Irrespective of the choice between SLC, MLC or TCL SSDs, memory products of different manufacturers show significant differences in fulfilling industrial requirements. One of the important aspects is long-term availability. System providers often list their products in their portfolios for several years. A required requalification due to changed memory components doesn’t add new functionality, but binds necessary resources and slows down the development of next generation systems.
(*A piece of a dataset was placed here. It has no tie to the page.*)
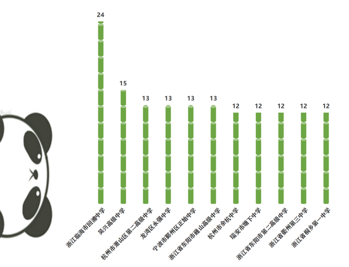临海市回浦中学从去年的top10以外直接登上今年生源中学的冠军宝座,并且生源人数远超第二名的吴兴高级中学。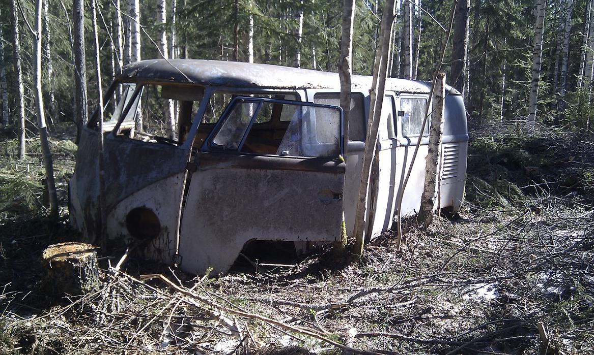 Hursomhelst och apropå Hellbergarns fråga så jodå ;-)  en splitbuss i fint skogsvraksskick ska bärgas hem här i vår bara det kommer att komma fram i skogen!  Faktiskt så har jag varit och tittat på ett till bussvrak, mer komplett men i sämre skick och hur det blir med det får vi återkomma till senare.

Even if the same components are used, users still face problems. Where one memory card works perfectly in a given application, a card of a new delivery with the same marking often fails in that application. This is due to the bill of material (BOM), which describes the components and firmware used in the memory card. Unfortunately manufacturers frequently use different components, thus changing the BOM, without labeling this or notifying the customer. If new firmware or a new flash die revision is used, the affected card might fail completely due to incompatibility or function improperly. This is why Swissbit introduced a fixed bill of material for its memory solutions; all products for this reason are structurally identical with the sample and therefore 100 percent identical between themselves in all deliveries. The part number furthermore gives detail about the type of firmware, controller or flash devices used in the respective card. Should changes be required, the part number is modified as well and customers are promptly notified by a product change notification (PCN). They can then check whether their components are compatible before using these modified storage solutions.
Roger Griesemer is the Flash Memory Products Business Unit director at Swissbit AG, Europe's largest independent manufacturer of DRAM and NAND flash-based storage systems. Roger studied electrical engineering and worked at various companies as an electrical design and development engineer before he started his career at Swissbit in 2003.